Süddeutsche Zeitung

Langstrecke mit dem E-tron:Mit dem Elektro-Audi in der Ladewüste

Tausend Kilometer im Audi E-tron zeigen: Die Elektromobilität auf Langstrecken ist oft Glückssache - wenn man keinen Tesla hat. Im Notfall hilft nur die Telefon-Hotline.

Da hilft kein Ziehen und Knöpfe drücken. Die Ladesäule weigert sich seit 45 Minuten beharrlich, das Kabel herzugeben. Pure Verzweiflung an einem Samstagmorgen im Nieselregen, trotz der Telefonseelsorge: "Sollen wir Ihnen das Kabel zuschicken?", lautet die ernst gemeinte Frage des Mitarbeiters der Hotline. Aber es hilft ja nichts. Das Ladekabel des Audi E-tron wird zur Wegfahrsperre - wenn man das teure Teil, das den Energienachschub sichert, nicht an der Ladesäule auf dem Parkplatz einer Gärtnerei in einem kleinen Ort am bayerischen Untermain zurücklassen möchte.

Dabei war die Intention dieser Langstreckentour mit dem Elektro-Flaggschiff von Audi eine andere: Der Test sollte zeigen, ob am Ende doch alles nicht so schwierig ist mit dieser E-Mobilität. Vorurteile, Schauermärchen aus der Welt der Verbrennerlobby, die sich in der Praxis als haltlos erweisen. Mehr als 20 000 Ladepunkte allein in Deutschland will Audi mit seiner Ladekarte abdecken. Was soll da schiefgehen?
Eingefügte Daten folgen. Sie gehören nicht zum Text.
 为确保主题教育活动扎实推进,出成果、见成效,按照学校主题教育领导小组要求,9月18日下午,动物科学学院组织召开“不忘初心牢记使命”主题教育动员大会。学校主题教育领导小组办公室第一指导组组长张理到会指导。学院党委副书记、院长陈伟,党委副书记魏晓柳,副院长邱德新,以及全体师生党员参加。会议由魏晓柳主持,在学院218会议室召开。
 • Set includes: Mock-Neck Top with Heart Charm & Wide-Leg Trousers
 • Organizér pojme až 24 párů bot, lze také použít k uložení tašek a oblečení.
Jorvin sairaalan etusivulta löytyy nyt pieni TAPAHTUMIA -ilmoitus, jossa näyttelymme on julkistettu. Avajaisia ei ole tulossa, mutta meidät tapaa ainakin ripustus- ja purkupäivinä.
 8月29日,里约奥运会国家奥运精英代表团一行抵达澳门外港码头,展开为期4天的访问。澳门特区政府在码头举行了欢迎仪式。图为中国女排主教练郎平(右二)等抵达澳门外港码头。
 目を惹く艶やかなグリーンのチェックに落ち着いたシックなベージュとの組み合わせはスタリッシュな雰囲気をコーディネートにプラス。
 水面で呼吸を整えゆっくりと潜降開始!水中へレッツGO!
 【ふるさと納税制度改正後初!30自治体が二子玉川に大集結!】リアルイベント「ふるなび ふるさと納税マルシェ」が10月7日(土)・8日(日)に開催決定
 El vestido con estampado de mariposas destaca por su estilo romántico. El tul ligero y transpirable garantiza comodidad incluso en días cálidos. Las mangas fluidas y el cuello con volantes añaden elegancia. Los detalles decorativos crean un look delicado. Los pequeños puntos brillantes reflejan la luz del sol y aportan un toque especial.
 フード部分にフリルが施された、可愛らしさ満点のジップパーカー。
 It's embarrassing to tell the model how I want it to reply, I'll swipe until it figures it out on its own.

Doch dann steht er da, der 106 000-Euro-Premiumwagen, umringt von Schaulustigen, die eigentlich nur ein paar Pflanzen für den Vorgarten kaufen wollen. Der Akku ist voll, doch an eine Weiterfahrt ist nicht zu denken. Nach rund tausend Testkilometern und vier Ladestopps lernt man, am besten nicht nach den Gründen zu fragen, warum irgendetwas an einer Ladesäule nicht funktioniert. Warum sich das Kabel nicht entriegeln lässt, weiß auch der freundliche Mann an der Hotline nicht. Was er jedoch weiß: Seine Kollegen, die das Kabel aus den Fängen der Säule befreien könnten, fangen erst um zehn Uhr an zu arbeiten. Leider ist es erst kurz nach neun. Schließlich kommt er auf die Idee, die Säule per Ladekarte zurückzusetzen. Irgendwann macht es tatsächlich "Klack" und das Kabel lässt sich abziehen. Wer einen dringenden Termin hat, sollte lieber nicht auf eine öffentliche Ladesäule setzen.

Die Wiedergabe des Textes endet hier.